Like most games of the genre, Hardwar allowed players to focus on three areas: scavenging, combat or trade; in fact, each of the three original starter Moth setups was designed around one of the three. Traders would trade resources among the hangars of MO, pirates would try to hijack and steal the cargo from traders, while scavengers would either have to work fast to scoop up any dropped loot before the pirates could manage to collect, or by hoovering up the scraps left behind from battles. As expected, players could then use their new wealth to upgrade the equipment of their Moths or upgrade to a shiny new Moth model. A patch added more starting setups, mostly easier than the originals due to much better equipment being immediately available.

It's also possible to own hangars by visiting the local estate agent. Hangars could then be managed to be private (for storage of spare Moths, clones and various other resources) or even opened up as public hangars to act as repair shops or stores, all for a neat profit for the player. One could even install manufacturing equipment such as distilleries, so it was possible to buy materials for goods at a cut price, manufacture the goods and sell them directly.

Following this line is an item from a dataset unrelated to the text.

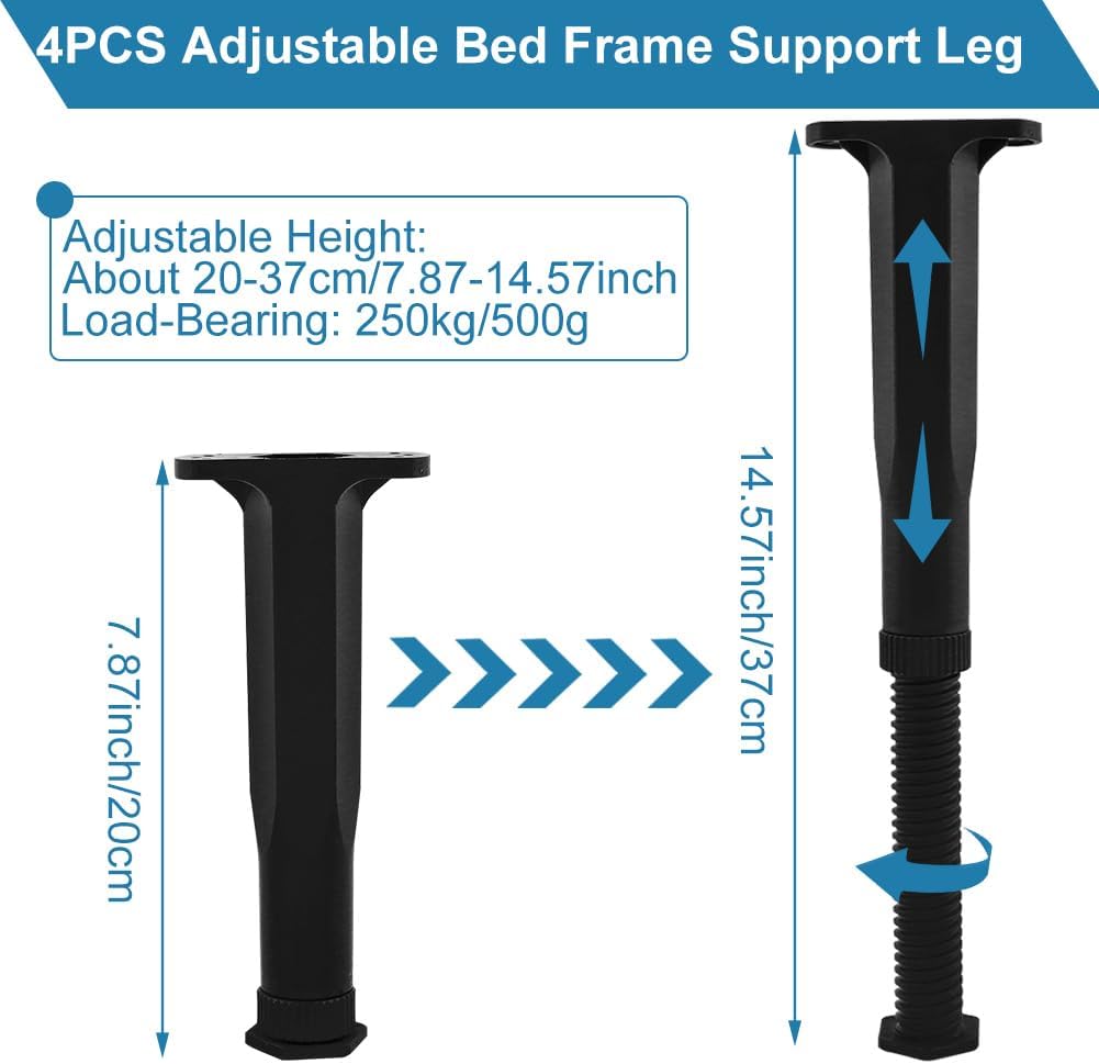 Features:【T-SHAPED】T-shaped adjustable bed frame support leg, simple aesthetic design, practical and beautiful, clear threads, easy to adjust. If the ground is uneven, just twisting the base to adjust【ADJUSTABLE HEIGHT】Adjustable height design, thickened material to create strong load-bearing capacity, no deformation, bid farewell to abnormal noise, allowing you to sleep soundly and no longer suffer from insomnia【STABLE LOAD-BEARING】A fixed cap has been added, with thick threads, which is more stable and has stronger load-bearing capacity than the previous one; the thread pitch is larger, speed adjustment is faster and less labor-intensive.【VARIOUS SCENARIOS】Suitable for beds, sofas, furniture, tables, cabinets, etc., multifunctional and multi scene, adding more beautiful and practical functions to your bedroom and home.【WARM TIP】The nut needs to be removed to adjust to the minimum size; when adjusted to the last 30MM, the spiral feels heavier and will not loosen without the nut (adjustable height: 20-37cm/7.87-14.57inch)Specifications:Type: Adjustable Bed Frame Support LegMaterial: PPColor: BlackLength: About 20cm/7.87inchAdjustable Height: About 20-37cm/7.87-14.57inchLoad-Bearing: 250kgPackage Included:4pcs x Adjustable Bed Frame Support Leg24pcs x ScrewNote:1. Due to the light and screen difference, the item's color may be slightly different from the pictures.2. Please allow 0.5-2 cm differences due to manual measurement.

As usual, the plot was nothing to write home about, but had its moments. Most information was passed to the player in emails, or delivered by full motion video.

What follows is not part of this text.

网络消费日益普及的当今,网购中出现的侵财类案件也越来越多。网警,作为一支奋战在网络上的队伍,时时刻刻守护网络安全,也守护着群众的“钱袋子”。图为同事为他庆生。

Hardwar still has a fair amount of community support. It also turned out that the game's multiplayer allowed for persistent online games to function, so a few such servers exist.

Notably, after the developing company went out of business, the game's original dev team started making game mods for their own game, specifically the 'UIM' unofficial patch series, which sought to fix the issues they weren't able to before going under, and actually did a fairly good job of it.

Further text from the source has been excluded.